▸ Directions for this task: Copy out the data word for word. The images are not part of the copy.

▸ The data:
:::::

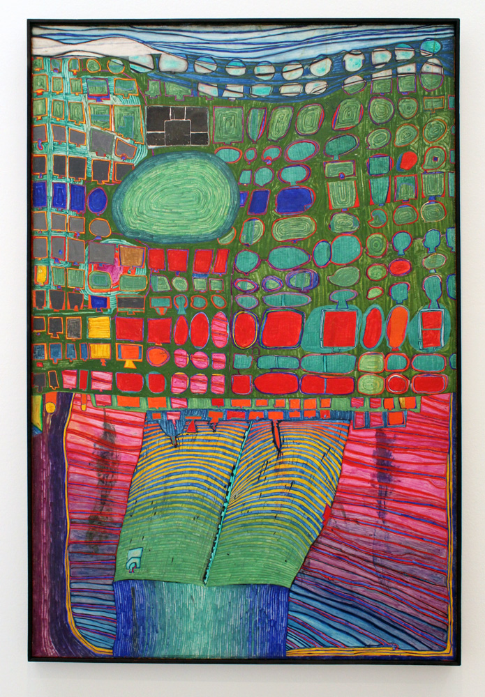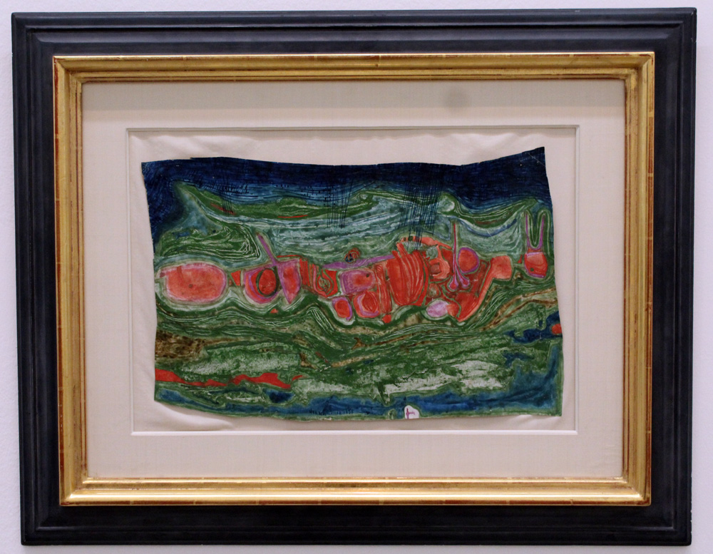 Wenn in der Schau auch Friedensreich Hundertwassers malerischer Sonderweg innerhalb der Avantgarde deutlich wird, so gelingt es doch, die gemeinsamen Wurzeln herauszuarbeiten. In den 50er Jahren ging es um die Überwindung des Informel (Tachismus), das Prozesshafte des Gestaltens und das Aufnehmen naiver Zugänge. Die Künstler wurden zu Akteuren in ihrer Kunst aber auch zu Selbstdarstellern ihrer Ideen. Hundertwasser befand sich in den 1950ern am Hotspot Paris, nahm alle Einflüsse auf und erfand 1953 die doppelte Spirale als Symbol für die Vereinigung von Gegensätzen. Wie die Autoren im Katalog richtig bemerken, ist mit dieser Schau erst ein allererster Schritt getan. Dass sich Hundertwasser zu den aktuellen politischen Veränderungen in Asien künstlerisch äußerte, wird mit drei kleinen Arbeiten auf Papier angedeutet: „Ho-Chi-Minh träumt von Österreich / Das imaginäre Haus“ (1963) zeigt den Präsidenten Nordvietnams in seiner einfachen Holzhütte. Im Gegensatz dazu wird die Besetzung Tibets durch die Chinesen in „Dalai Lama – Flucht mit durchbohrter Spirale“ (1959) sowie „Regen über China in Flammen“ (1958) verklausuliert aber dennoch eindrücklich umgesetzt. Hier ist deutlich ein Forschungsauftrag enthalten, der das Verhältnis von Hundertwasser und Asien klären helfen wird. „Hundertwasser, Japan und die Avantgarde“ macht dieses Desiderat sichtbar. Gleichzeitig wird geklärt, dass das Frühwerk von Hundertwasser nur im Sinne einer Weltkunstgeschichte entschlüsselbar ist. Wenn er auch eigene Wege beschritt, so war Hundertwasser kein Einzelgänger.
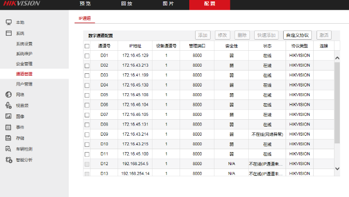 開機(jī)后手動設(shè)置IP,不要自動,IP需要設(shè)置在本局域網(wǎng)同一網(wǎng)段內(nèi)。例如對地面工作場所網(wǎng)絡(luò)錄像機(jī),地址設(shè)為172.16.41.198,然后登錄像機(jī)配置界機(jī),進(jìn)行存儲管理,格式化硬盤,存儲計劃配置,錄像計劃配置。登陸錄像機(jī)配置界面,視音頻 ,按通道設(shè)置攝像頭碼率、分辨率,然后進(jìn)入通道管理,添加已安裝的網(wǎng)絡(luò)攝像頭。
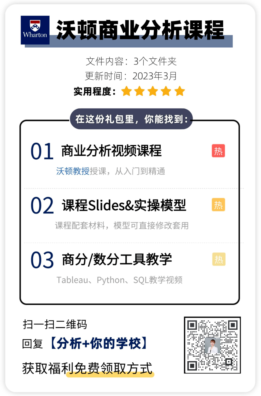 前两个单元Customer Analytics & Operation Analytics都是商业分析入门课程,专门标明是针对“没有分析经验的初学者“。这两个单元的内容是商业分析的基础:从收集分析数据?决策?行动3个步骤切入,学习怎样通过数据分析消费者行为,帮助公司做出更好的决策。作为商科生,对如何行动(比如怎样预测利润、怎样提升利润率等)可能很熟悉,但是如何通过收集数据去做决策是商业分析相关内容,也是商科生转型的第一步。来看看教授如何用生动有趣的案例来教大家“怎样找到你的目标客群”:除了这种生动案例外,几位沃顿教授还会通过Amazon、Google、Starbucks等公司真实案例来教大家目前市场上的Big Name是如何利用数据帮助公司做决策的。对未来想要求职PE/VC或是战略投资行业的同学很有帮助。另外课程还提供教授实操时使用的Excel模型。大家在拿到证书需要通过的Quiz中也会用到大量的模型,这时候用教授给出的Model来操作能更快通过。以上资料澳骄妹也一并为大家收集到了,已经打包整理好!扫码回复【分析+你的学校】,即可获取课程学习全部资料?如果你已经添加过其他的Tutor
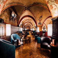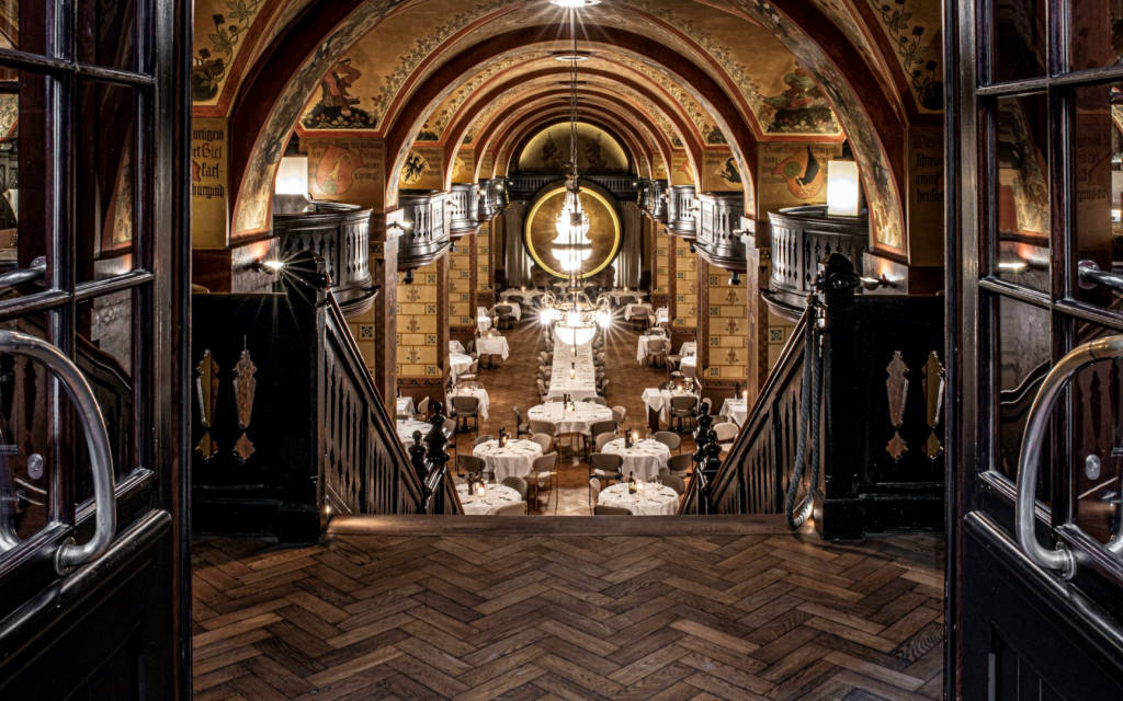 The size of the cellar is impressive. Originally built to a design by Hans Jakob Dünz, this baroque building restaurant attracts guests with its culinary offerings and distinctive atmosphere. The nave and two aisles are reminiscent of church architecture and lend Kornhauskeller a sacred atmosphere. The unique balance between the walls, the repetition of patterns, the lights stretching from each door, the artistic frescoes and the modern furniture make every visit to Kornhauskeller a memorable experience.

:::::

▸ Solution for this exercise:
 Wenn in der Schau auch Friedensreich Hundertwassers malerischer Sonderweg innerhalb der Avantgarde deutlich wird, so gelingt es doch, die gemeinsamen Wurzeln herauszuarbeiten. In den 50er Jahren ging es um die Überwindung des Informel (Tachismus), das Prozesshafte des Gestaltens und das Aufnehmen naiver Zugänge. Die Künstler wurden zu Akteuren in ihrer Kunst aber auch zu Selbstdarstellern ihrer Ideen. Hundertwasser befand sich in den 1950ern am Hotspot Paris, nahm alle Einflüsse auf und erfand 1953 die doppelte Spirale als Symbol für die Vereinigung von Gegensätzen. Wie die Autoren im Katalog richtig bemerken, ist mit dieser Schau erst ein allererster Schritt getan. Dass sich Hundertwasser zu den aktuellen politischen Veränderungen in Asien künstlerisch äußerte, wird mit drei kleinen Arbeiten auf Papier angedeutet: „Ho-Chi-Minh träumt von Österreich / Das imaginäre Haus“ (1963) zeigt den Präsidenten Nordvietnams in seiner einfachen Holzhütte. Im Gegensatz dazu wird die Besetzung Tibets durch die Chinesen in „Dalai Lama – Flucht mit durchbohrter Spirale“ (1959) sowie „Regen über China in Flammen“ (1958) verklausuliert aber dennoch eindrücklich umgesetzt. Hier ist deutlich ein Forschungsauftrag enthalten, der das Verhältnis von Hundertwasser und Asien klären helfen wird. „Hundertwasser, Japan und die Avantgarde“ macht dieses Desiderat sichtbar. Gleichzeitig wird geklärt, dass das Frühwerk von Hundertwasser nur im Sinne einer Weltkunstgeschichte entschlüsselbar ist. Wenn er auch eigene Wege beschritt, so war Hundertwasser kein Einzelgänger.
 開機(jī)后手動設(shè)置IP,不要自動,IP需要設(shè)置在本局域網(wǎng)同一網(wǎng)段內(nèi)。例如對地面工作場所網(wǎng)絡(luò)錄像機(jī),地址設(shè)為172.16.41.198,然后登錄像機(jī)配置界機(jī),進(jìn)行存儲管理,格式化硬盤,存儲計劃配置,錄像計劃配置。登陸錄像機(jī)配置界面,視音頻 ,按通道設(shè)置攝像頭碼率、分辨率,然后進(jìn)入通道管理,添加已安裝的網(wǎng)絡(luò)攝像頭。
 前两个单元Customer Analytics & Operation Analytics都是商业分析入门课程,专门标明是针对“没有分析经验的初学者“。这两个单元的内容是商业分析的基础:从收集分析数据?决策?行动3个步骤切入,学习怎样通过数据分析消费者行为,帮助公司做出更好的决策。作为商科生,对如何行动(比如怎样预测利润、怎样提升利润率等)可能很熟悉,但是如何通过收集数据去做决策是商业分析相关内容,也是商科生转型的第一步。来看看教授如何用生动有趣的案例来教大家“怎样找到你的目标客群”:除了这种生动案例外,几位沃顿教授还会通过Amazon、Google、Starbucks等公司真实案例来教大家目前市场上的Big Name是如何利用数据帮助公司做决策的。对未来想要求职PE/VC或是战略投资行业的同学很有帮助。另外课程还提供教授实操时使用的Excel模型。大家在拿到证书需要通过的Quiz中也会用到大量的模型,这时候用教授给出的Model来操作能更快通过。以上资料澳骄妹也一并为大家收集到了,已经打包整理好!扫码回复【分析+你的学校】,即可获取课程学习全部资料?如果你已经添加过其他的Tutor
 The size of the cellar is impressive. Originally built to a design by Hans Jakob Dünz, this baroque building restaurant attracts guests with its culinary offerings and distinctive atmosphere. The nave and two aisles are reminiscent of church architecture and lend Kornhauskeller a sacred atmosphere. The unique balance between the walls, the repetition of patterns, the lights stretching from each door, the artistic frescoes and the modern furniture make every visit to Kornhauskeller a memorable experience.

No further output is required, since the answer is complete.